Because they do not MEAN it to be honest and concise. That is not their goal.
IT IS CONCOCTED to “please.”

Six000MileYear
Six000MileYear
2 years ago

How much of bad data sampling methods is by design? National layoff data was suspended when numbers got really bad.

Walt
Walt
2 years ago
Reply to  Six000MileYear

It was? Can you post a quick reference/link? I never heard anything about that, I’m curious to read about it.

BT
BT
2 years ago
Reply to  Walt

He might be confusing the suspension of data lockups pre-release with the release of the actual data. The early release/embargo of data was suspended in June of 2020 or so. The actual data wasn’t suspended (at least in the case of the JOLTS separations data).

Tre
Tre
2 years ago
Reply to  Six000MileYear

Personally do not believe any numbers that come out from the government, Numbers will always meet the needs of who it benefits in the White house, not the true reality of what is happening.

Don jones
Don jones
2 years ago
Reply to  Tre

Thank you. NOTHING is real. Look at how they ‘Concoct’ CPI data, removing components that are PRICE inflationary.

The Green Movement. The Wars. The Promises ALL broken.
I used to think: “Why do they not try to hide this shit?”
NOW we know that it is AS IT IS MEANT TO SEEM: THEY DO NOT CARE what we think in reality and only purvey to FASCIST interests, those that serve lobbyists.

There is NO people’s LOBBY, is there? If you find one, let me know when they are taken seriously.

BT
BT
2 years ago
Reply to  Six000MileYear

It’s hard to create a solid case for intentional bad data. Depending on your own political leanings, you can think of motivations for more favorable data or more pessimistic data, but it’s tougher to think of who might consistently benefit from *poor* data. More to the point here, the quality of nearly *all* data that’s necessarily dependent on survey or sample information has declined over the last couple of decades, mostly due to simple distrust of institutions and decline in the level of respect that’s accorded to subject matter experts. You see a lot of the symptoms of that on this blog (which I enjoy, but damn!)

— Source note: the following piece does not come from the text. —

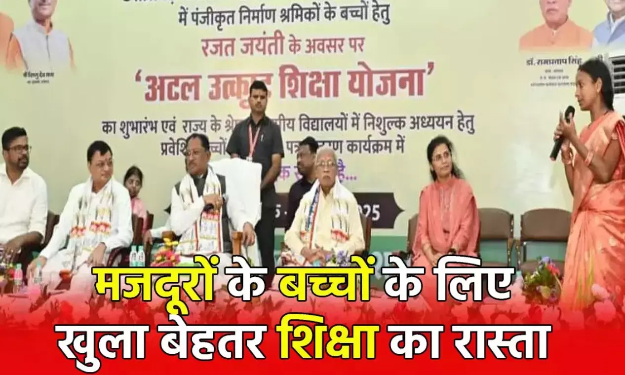 CM Vishnudeo Sai: "अटल उत्कृष्ट शिक्षा योजना" से प्रदेश के श्रमिकों के बच्चों को कक्षा छठवीं से बारहवीं तक श्रेष्ठ आवासीय विद्यालयों में निःशुल्क शिक्षा प्राप्त होगी। इनका पूरा खर्च श्रम विभाग द्वारा वहन किया जाएगा। मुख्यमंत्री विष्णु देव साय ने श्रम विभाग द्वारा श्रमिक बच्चों के लिए संचालित अटल उत्कृष्ट शिक्षा योजना का शुभारंभ किया....

Having known some of the people who put this stuff together, they’re mostly career statisticians, analysts, and economists just trying to put in an honest day’s work for a salary amount they could probably beat if they took their skills to the private sector. Most of them take their jobs extremely seriously and would consider the question moderately off-putting.

KidHorn
KidHorn
2 years ago
Reply to  BT

Have you ever worked for the federal government? Everything is political. The only thing people care about is keeping their job. The heads of BLS and BEA are no different. If they don’t do what they’re told, they might lose their positions and they have final say of every number.

TT
TT
2 years ago
Reply to  KidHorn

correct. worked in gov in my youth putting together demographic and cartographic andscientific data for NASA and NYS. the plebes doing the grunt work, are just sheep. the decisions and final say are political hacks.

dtj
dtj
2 years ago
Reply to  BT

Here’s an example of intentional bad data in the CPI: Owner’s equivalent rent. It undercounts housing costs BY DESIGN.

Who benefits if CPI is understated? Who loses?

Don jones
Don jones
2 years ago
Reply to  BT

OH, WOW, really: HOW can you attach that WONDERFUL WORD, “HONEST” to any of these outcomes?

Zardoz
Zardoz
2 years ago
Reply to  Six000MileYear

Never ascribe to malice that which can be explained by incompetence.